Jede Partei führt natürlich entsprechende Argumente ins Feld. So betrachtet das FFII Software-Patente als großes Hindernis für die volkswirtschaftliche Entwicklung, mit gutem Grund, wie Wildeboer meint: »Gerade kleine und mittlere Firmen können sich den Aufwand einer Patentanmeldung gar nicht leisten. Und wenn, dann fehlt ihnen das Kapital, um ihre Ansprüche gegen die Großen durchzusetzen. Somit nutzen Software-Patente nur den Konzernen mit ihren Patentabteilungen.«
Eine weitere Schwierigkeit: Software-Patente sind häufig trivial und breit angelegt. Ein entsprechendes »Kuriositätenkabinett« hat die FFII auf einer Website zusammengestellt: Dort finden sich unter anderem »der Onlineshop«, »der elektronische Warenkorb« oder die »Bezahlung über das Internet mithilfe einer Kreditkarte«, Funktionalitäten oder, besser gesagt: alltägliche Handlungen, die in vielen Anwendungen gang und gäbe sind. Es wäre, als würde man »das Frühstücken« mit einem Patent belegen, monieren Gegner.

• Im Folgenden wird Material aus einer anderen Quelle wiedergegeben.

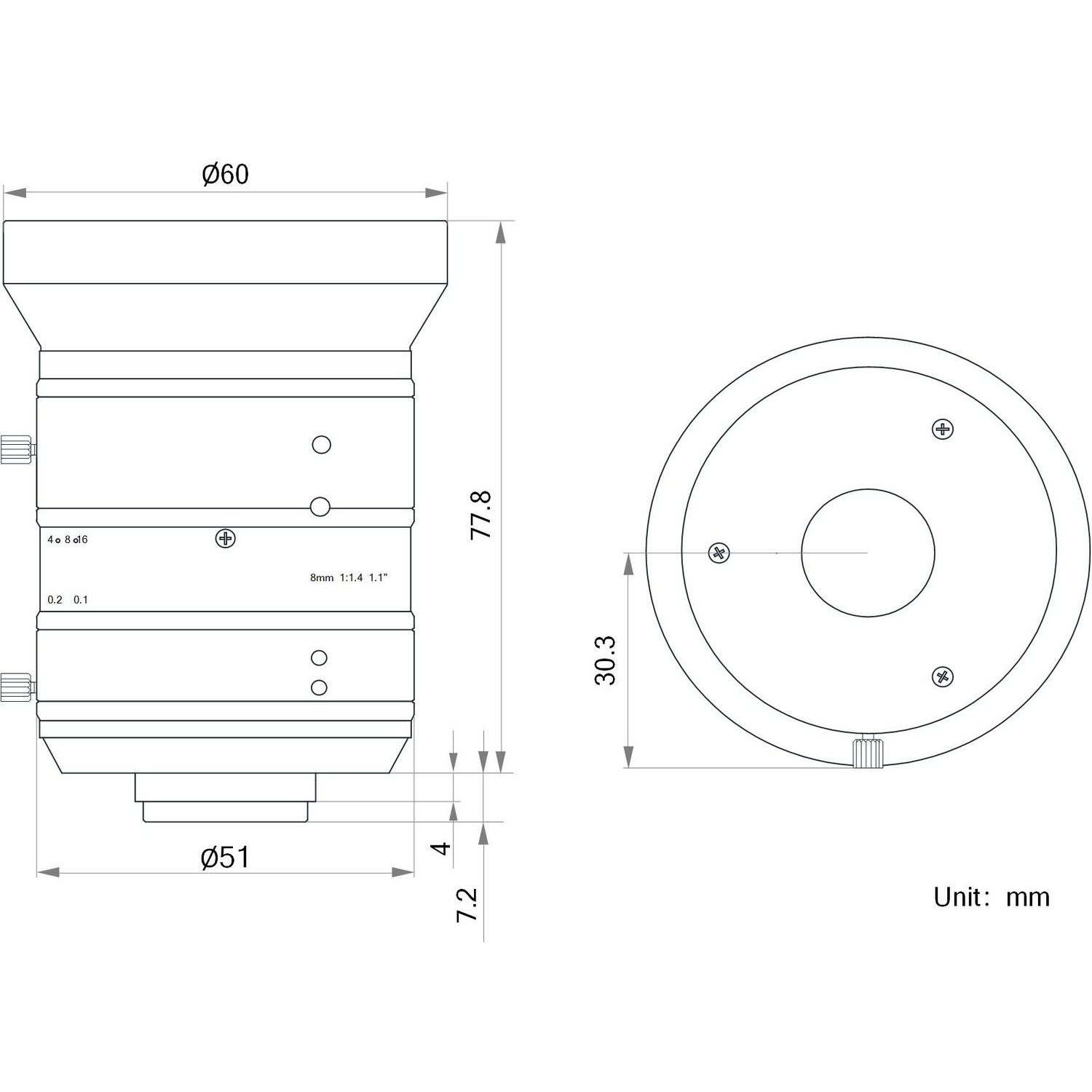 | Type | 8mm, F1.4, 1.1″, 12MP Lens, C-Mount | |

Die Bitkom hingegen, Fürsprecher der Software-Industrie, spricht deshalb lieber von »Patenten für computerimplementierte Erfindungen«, wobei die Betonung auf »Erfindung« liegt. Damit sollen laut Susanne Schopf, Referentin für Urheberrecht und gewerblichen Rechtsschutz bei Bitkom, solche »Trivialpatente« verhindert werden. Dazu, wie die Abgrenzung funktionieren soll, hat sie allerdings auch keine Idee: »Das ist nur schwer mit Gesetzesmitteln in Griff zu bekommen. Die Patentämter müssen entsprechend ausgestattet und qualifiziert werden. Notfalls müssen die Gerichte entscheiden« - womit sie wohl teure Patent-Anfechtungsklagen meint.
Trotz dieser Unklarheiten unterstützt die Bitkom die aktuelle Richtlinie des Ministerrats der EU. Die Position ist durch eine Umfrage gestützt, bei der 100 Mitglieder geantwortet haben. Ein Großteil hiervon befürwortete, den Status quo bei Software-Patenten beizubehalten oder auszubauen. Was allerdings ein Widerspruch ist, denn aktuell existieren in der EU keine Software-Patente.

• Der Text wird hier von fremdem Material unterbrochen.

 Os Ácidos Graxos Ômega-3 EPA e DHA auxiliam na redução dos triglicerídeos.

Auch wenn der Streit am Thema Linux hochkocht (siehe Kasten), betrifft das Problem alle Softwareentwickler ? ob sie nun freie oder proprietäre Software schreiben. Denn in der Softwareindustrie gibt es so viele Patente, dass jede Softwareentwicklung eine Patentrecherche erfordert. Dabei wird untersucht, ob die Entwicklung zu einer Kollision mit bestehenden Rechten führt. Dies kann kein kleines oder mittelständisches Software-Haus leisten, von freien Entwicklern ganz zu schweigen.